Rotor received her BA from George Washington University and prior to Penguin, she worked at Oxford University Press. She has also published poems in The Literary Review, The Nuyorasian Anthology and Flippin’: Filipinos on America.

She is part of the “two percent Asian American” in higher management in the book publishing industry, a field where there’s not a lot of people of color.

“There are a lot of systemic issues with recruitment and retention. It is very hard to get into the boys’ club but there are now systems in place like diversity committees that want to think about that more carefully,” Rotor shared.

Asked about what advice she would give to their younger selves, the honorees were united in saying that it would be the same advice they would give to their children today.

“I’d probably tell my younger self – and my father – that it’s okay if you don’t want to be a doctor. If you follow something that you’re passionate about, that you recognize really makes you who you are. If you love what you do – and I love what I do – try to be the best you can in that job,” Rotor said.

For Policarpio, “If anyone can make me feel like I was ten, it’s my mom. She’ll tell me to take care of my body because I only have this one. So I’ll tell my younger self to take care of our body.”

“It can be best summarized by the two things I tell my kids every single day when I wake them up – “Rise to shine!”. I’ll tell my younger self to rise to shine and that every day is a gift. I’m that mother that chases them to school and yelling “Make good decisions today!,” she added.

“I’d tell my younger self what I tell my daughters every day, ‘Anything is possible if you put your mind and heart in it,’” Sanchez said.

Consul General Dizon-De Vega wrapped up the discussion with her own advice to her younger self.

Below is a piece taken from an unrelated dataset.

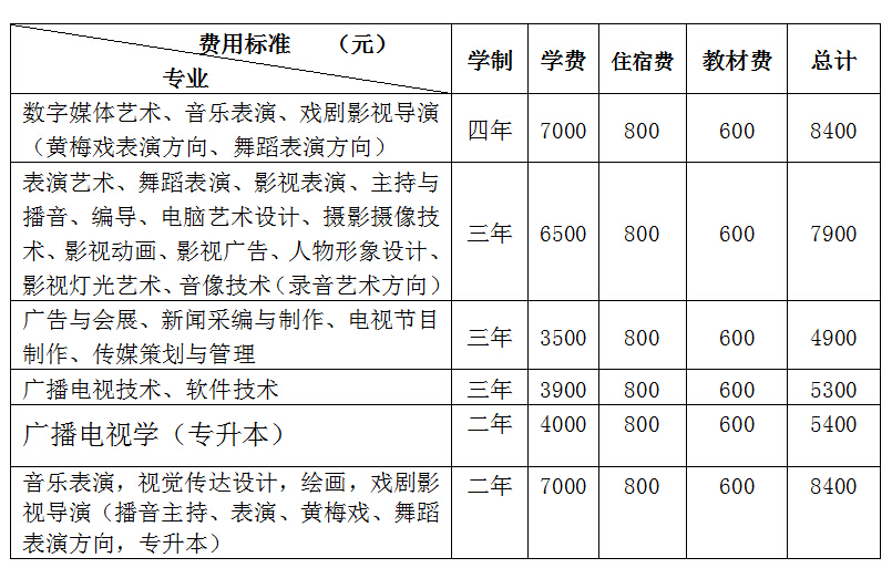 1、所存学杂费总数=学费+住宿费+教材费,各专业学生应交学杂费总额详见下列标准。

As a Type A person she says she still firmly believes that one should never argue from a position of ignorance, one has to be prepared because there is simply no substitute for good preparation.

“At the end of the day, however prepared you are, sometimes the universe just takes over. It has its own vibe, it has its own movement, it has its own cycle and you have to just let go and do the best that you can,” she said.